クリスは、大きな門を見上げながら疲れの滲んだ声を出す。

クリスたちがいるのは、オーカス王国の国境都市フェッスールである。

フェッスールは、ガイエン帝国とグルーモス王国の二国との国境付近に作られた町である。

最前線に一番近い町であり、その役割は極めて大きい。

「治安悪すぎっすね」

「どこから沸いたってくらいでてきやしたからねぇ」

「ああ。本当に、なんであんな襲われたのか」

バールとソドが道中の治安について、自らそれを乱しそうな人相で真面目な顔をする。

それにクリスが同意するが、実際襲われたときにはほとんど働いていない、ニート護衛であった。

オーカス王国とガイエン帝国との間には、険しい山々や魔物が多数生息する森などがあり、一部地域を除いて容易に行き来できるような環境ではない。

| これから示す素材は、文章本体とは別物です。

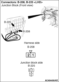 note Prior to the wiring harness inspection, check junction block connector C-208, and repair if necessary.
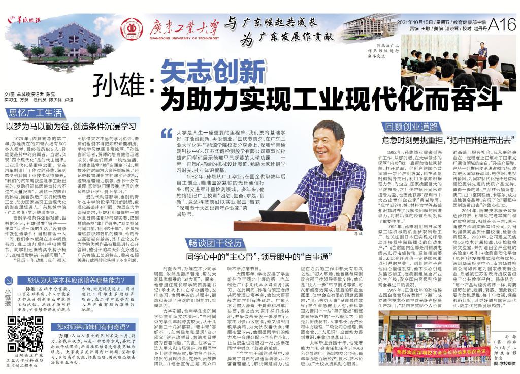 1982年,孙雄从广工毕业,在国企供职数年后自主创业,瞄准国家紧缺的光纤通信行业,后又进军计量检测领域。多年来,他始终铭记广工校训“团结、勤奋、求是、创新”,竞逐科技前沿以实业报国,曾获“深圳市十大杰出青年企业家”荣誉称号。
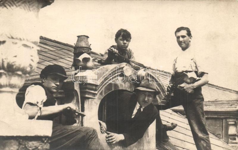 Leírás: Balatonkenese, épület tetején dolgozó bádogosok. Battonyánc János photo
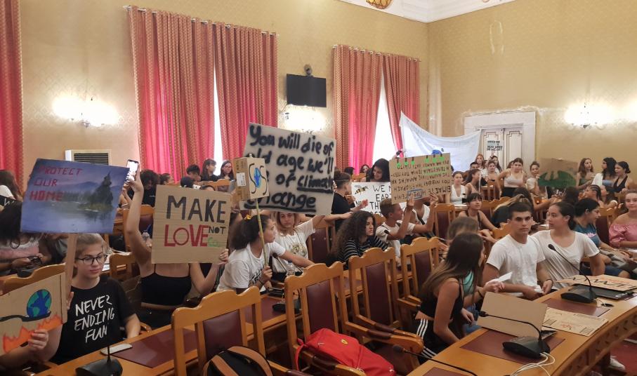 Η πορεία των μαθητών στους δρόμους της πόλης που κατέληξε στην Περιφέρεια, πραγματοποιήθηκε στο πλαίσιο της παγκόσμιας εκστρατείας #fridaysforfuture.
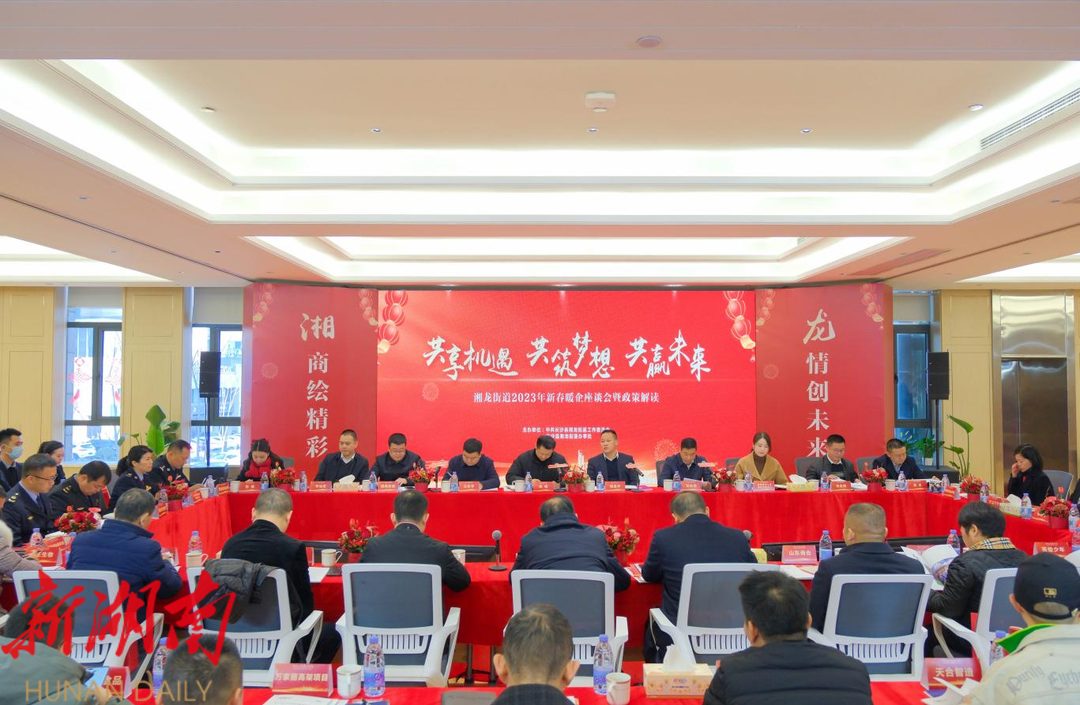 “街道将一如既往当好企业发展最强后盾,竭尽全力为企业营造稳定可预期的发展环境,让各类企业放心投资、安心经营、专心创业。”在湘龙街道举办的“共享机遇、共筑梦想、共赢未来”2023年新春暖企座谈会暨政策解读座谈会上,街道全体党政领导及相关部门单位与60余名企业家代表齐聚一堂,政企围坐,共谋湘龙经济社会高质量发展的腾飞大计。
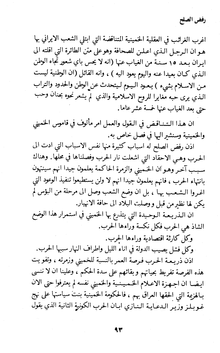 ان الذريعة الوحيدة التي يتذرع بها الخميني في استمرار هذا الوضع الشاذ هي الحرب فكل نكسة وراءها الحرب.
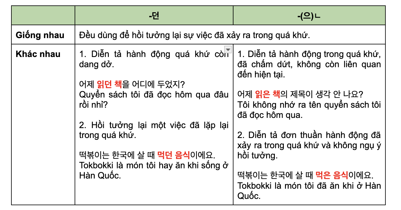 2. Có thể sử dụng cấu trúc này để hồi tưởng những sự việc đã bắt đầu xảy ra trong quá khứ nhưng vẫn chưa kết thúc. Trong trường hợp này, thường sử dụng với các cụm từ xác định chỉ thời gian trong quá khứ như 지난달, 지난주, 어제, 아까, 저번에.
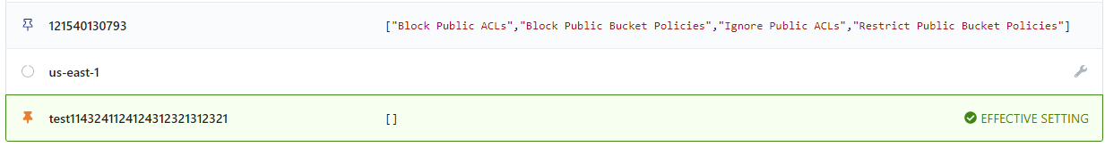 AWS > S3 > Bucket > Approvedwill have a corresponding Policy Value forAWS > S3 > Bucket > Approved. The policy value represents the effective setting for this instance, which may have been inherited from the AWS account, region, or set directly on the individual bucket.
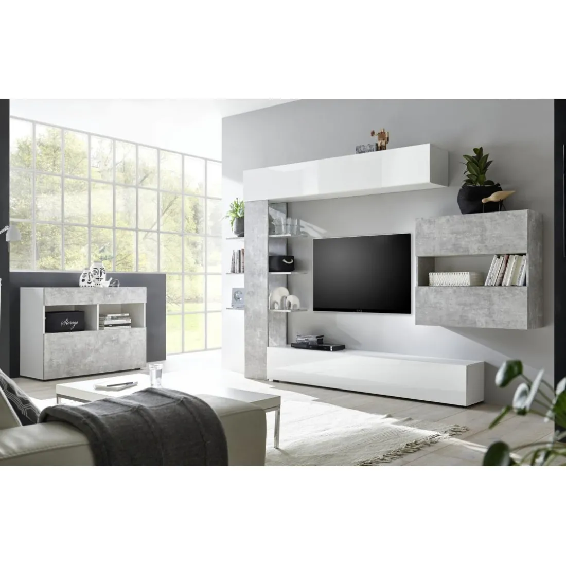 Caractéristiques Buffet 1 tiroir et 1 abattant blanc et facades décor beton

しかし、それでも二国間の悪関係を利用して、賊たちはあっちで仕事、こっちで仕事をし、ガイエン帝国で見つかればオーカス王国へ、オーカス王国で追われればガイエン帝国へと逃げ込み、捕まらないようにしていた。

「わ、私のせいかな?」

「いえ、違うでしょう。もともと治安が悪いだけです。そもそもあんな場所であなたの首を狙うより、主の首を狙ってきたといわれたほうがまだ現実味があります」

自分のせいで過剰に襲撃を受けたと自責するルドにフウリが優しく、そして説得力のある言葉で言い聞かせる。

「姉さん・・・」

ルドが感極まったようにフウリを見つめる。

「フウリ・・・」

クリスが進退極まったようにフウリを見つめる。

「さて、いつまでもここにいても仕方ありません、門まで行きましょう」

「はい!」

「おっす」

「うっす」

「うん」

フウリの号令に、ルド、バール、ソド、フィリスがそれぞれ返事をする。

「あ・・・はい・・・」

一拍遅れて、クリスがそれに元気なく続く。

うな垂れる魔法使いを最後尾に、一行は町へ向けて歩きだす。



クリスたちが、なぜ危険なルートを移動してまでフェッスールに向かったかというと、ディサン同盟国へのお使いの前に、ステインに頼まれていた国境付近で睨みを利かせる仕事が起因する。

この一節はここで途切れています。